I Built a Fully Offline AI Agent That Answers Questions From PDF, Images, and Audio — No Cloud…

This wasn't another GPT API wrapper. I trained my own local RAG system with OCR, Whisper, CLIP, and open-source language models — all…

Umar Manzoor

Stackademic

· ~4 min read · July 3, 2025 (Updated: July 3, 2025) · Free: No

This wasn't another GPT API wrapper. I trained my own local RAG system with OCR, Whisper, CLIP, and open-source language models — all running on a mid-tier laptop.

Why Build an Offline AI Agent in 2025?

Cloud LLMs are amazing — but not always ideal.

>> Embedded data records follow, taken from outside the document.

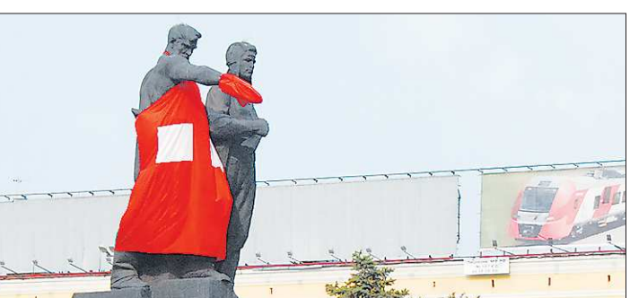
За всю историю этого известного монумента такого с ним ещё не случилось

Первым рассказал о планах своего ведомства министр социальной политики Андрей Злоказов, подчеркнув, что указывался на Широкореченском кладбище. Общественники отвергают такое предложение, считая что площадь Обороны исторически связана с погибшими на полях сражений.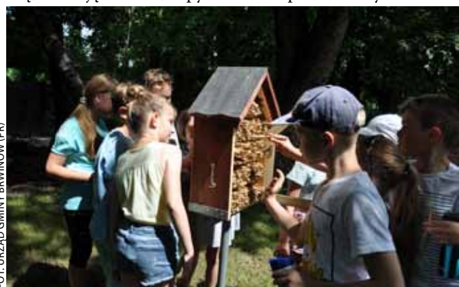
Na zdjęciu: Dzieci układają w hotelu dla murarek trzciniowe rurki, które wyciągnęły z niego dzięcioł odwiedzający Zagrodę.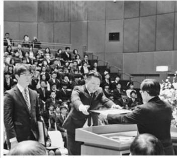
学位授与式で財団賞を贈呈

「ご寄付のお願い」 「(公財)会津地域教育・学術振興財団」 「(公財)会津地域教育・学術振興財団」 （公財）会津地域教育・学術振興財団では、皆様方のご寄付を財源に、会津大學生の海外学会論文発表に係る経費の一部助成や、奨学金制度、寄宿舎運営事業などの会津地域の学生に対する各種支援など、会津地域の情報教育の振興のため活動しております。 今後の更なる支援のため皆様方のご寄付をお願いいたします。ご支援いただければ幸いです。同封の振込用紙にてご寄付願えれば幸いです。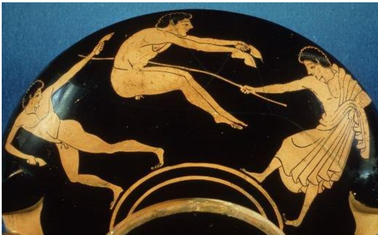
Coupe à figures rouges, VI e siècle avant J.-C., Paris, Musée du Louvre.

Τί εἰμι ; [ti eïmi] / quid sum ? (= que suis-je ?)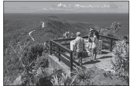
Doc. 4 Randonnée de touristes en Guadeloupe.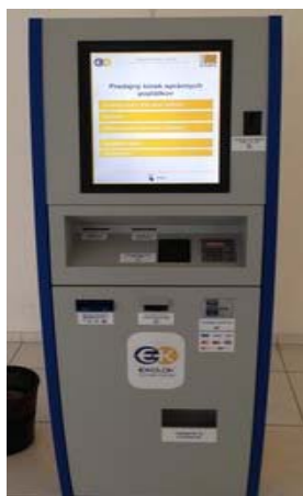
Obrázok 1. Platobný terminál, tzv. kiosk

What if your data is private?
What if you need to work on a plane?
What if you don't want a $3,000 bill for 100,000 tokens?

I needed a local, multimodal assistant that could answer questions from documents, images, and audio — without leaving my machine.

So I built one.

The Stack I Chose: Fully Local and Modular

To build a system that's private and capable, I selected:

LLM: Mistral 7B via Ollama
Embedding: sentence-transformers
OCR: Tesseract for images
Speech-to-Text: OpenAI Whisper
Document Parsing: PyMuPDF
Indexing: FAISS
QA Orchestration: LangChain
Interface: Terminal and Gradio

No cloud APIs. Just raw compute and a dream.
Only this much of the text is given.